START PROVIDED ENTRIES
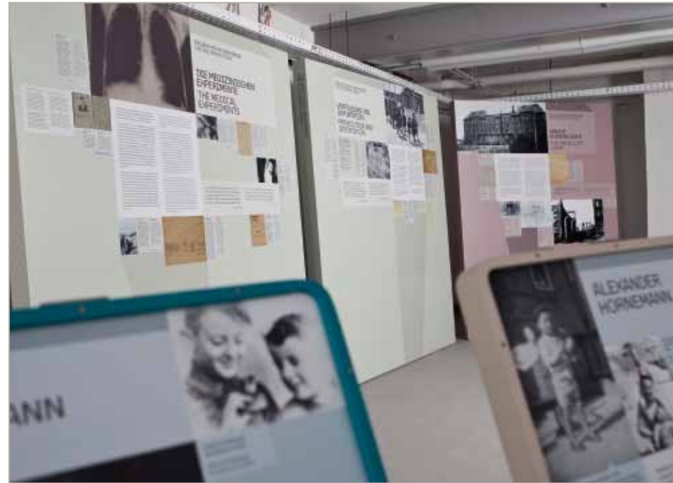
View of the exhibition in 2011.
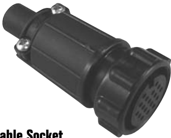
Cable Socket 13X8X-XXSG-XXX Matching Mates: • Cable-Cable 15X8X-XXPG-XXX • Panel 14XXX-XXPG-XXX
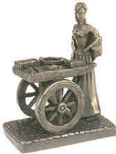
S6 Molly Malone (H: 6.5")
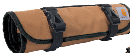
B0000355-201 Carhartt Brown
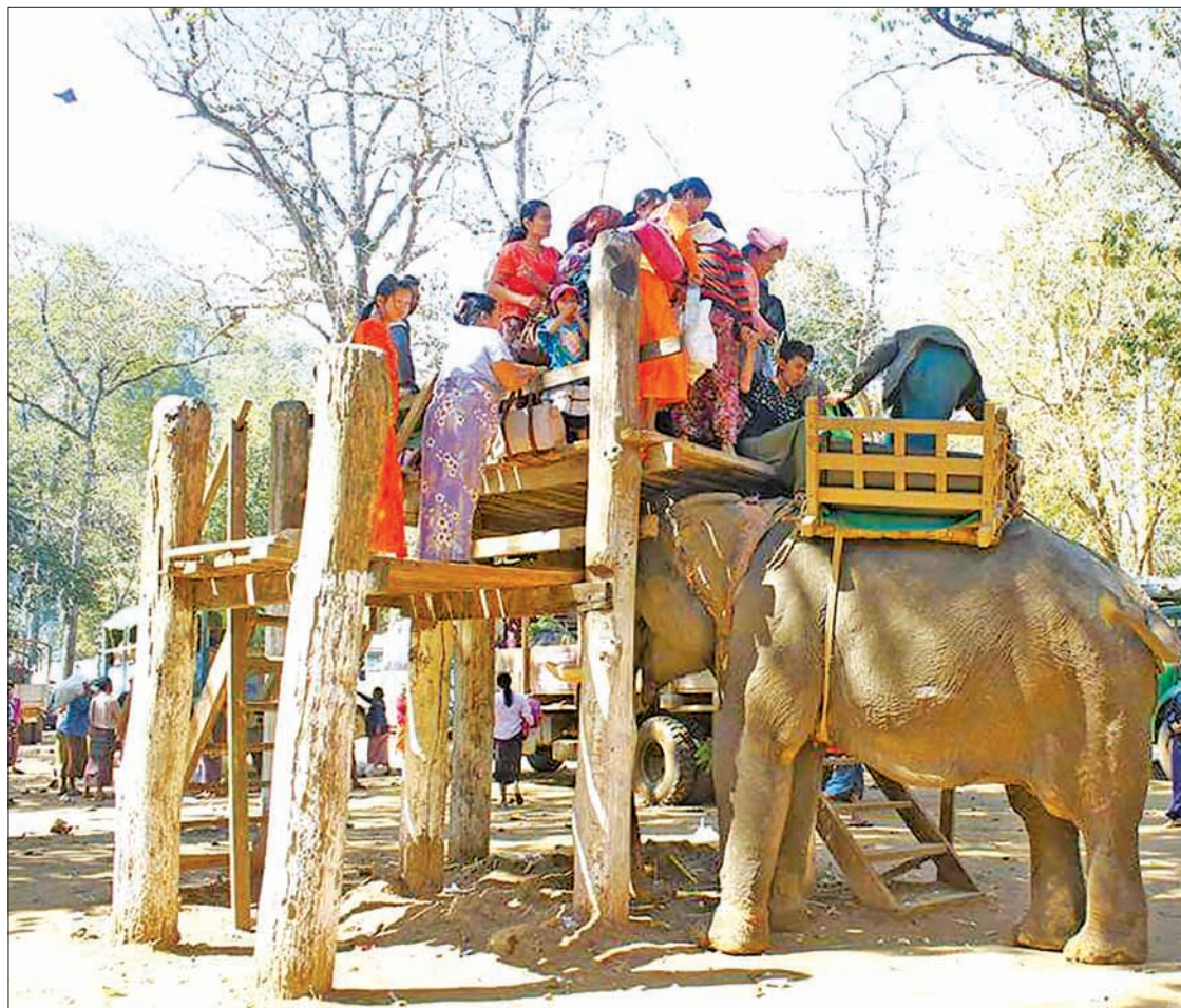
Buddhist devotees wait to ride an elephant on their way to Powintaung Cave Pagodas.

The ancient Powintaung Cave Pagodas formed entirely
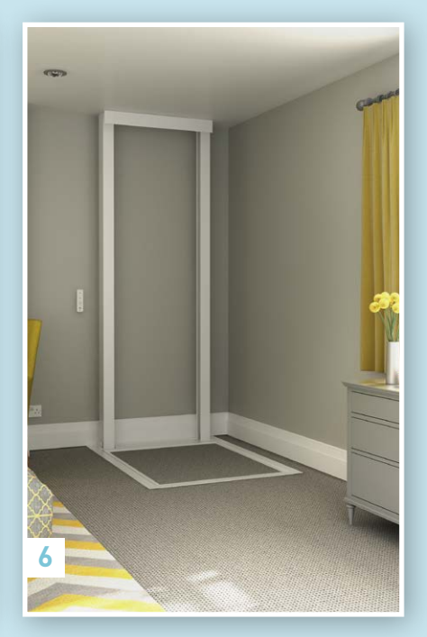
The lift can be sent back to the floor below, leaving a feeling of space in the room.
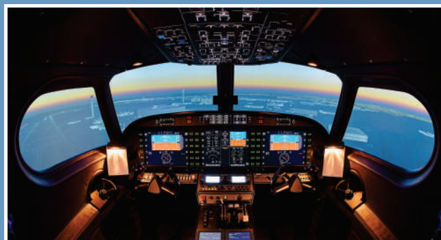
ALSIM AL 250 Flight Simulator
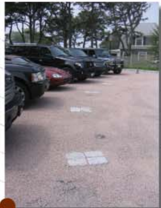
Parking Material Precedents

Note: Please refer to Site Plan Sheet XXXX for more details on the proposed public Artisan's Park Overlook.
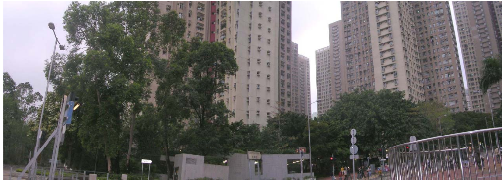
DIH & KAT - LR 6.3 - TREES IN LUNG POON COURT
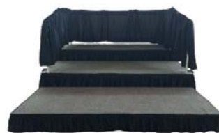
4' x 8' Stage shown - 20", 30" & 40" high
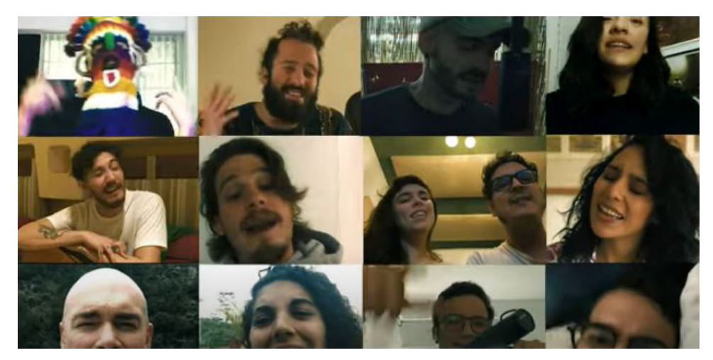
Figure 2. Screenshot from the official music video of Pa'lante , by Salomón Beda feat. 16 artistas Latinoamericanos.

Negative emotions were also combined with longing emotions, transforming feelings of missing loved ones, sadness, and suffering into a sort of motivation to keep waiting and hoping for a better tomorrow. "Learning from suffering" (Moss, 2019) takes place so that the individual (as well as others) understands and values social bonds, takes care of missing ones and, as a consequence, "does it right" when the moment comes. This
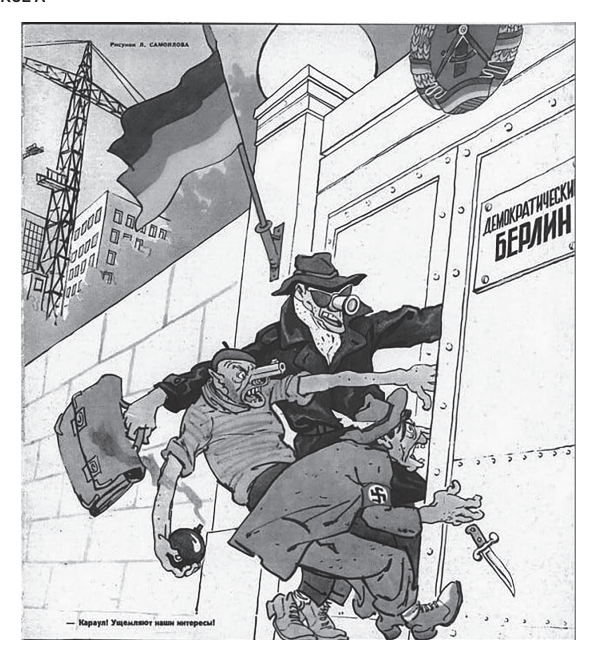
A cartoon from a magazine published in the Soviet Union in 1961 just after the Berlin Wall was constructed. The words on the wall say, 'Democratic Berlin'. The men are saying, 'Help! Our intentions are blocked!' The badge above the door is the emblem of East Germany.
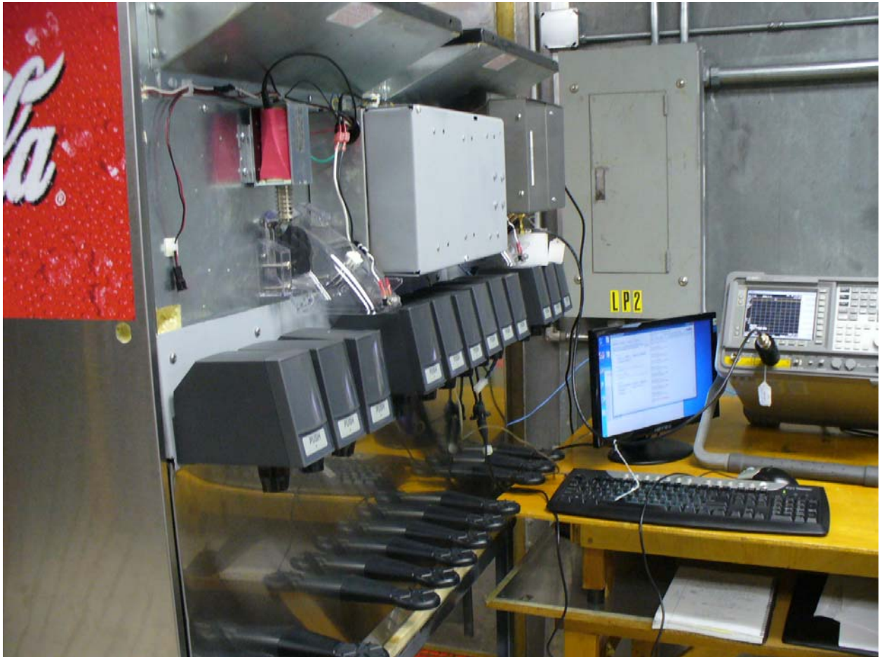
Figure 3: RF Conducted Emissions
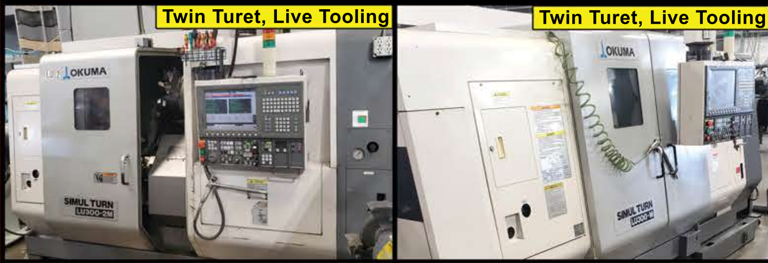
2011 Okuma LU300-2M CNC Lathe
END PROVIDED ENTRIES
** WHAT NEEDS TO BE DONE **
Answer with one number: how many lines in the listing hold "Figure".

** SOLUTION TO THE EXERCISE **
2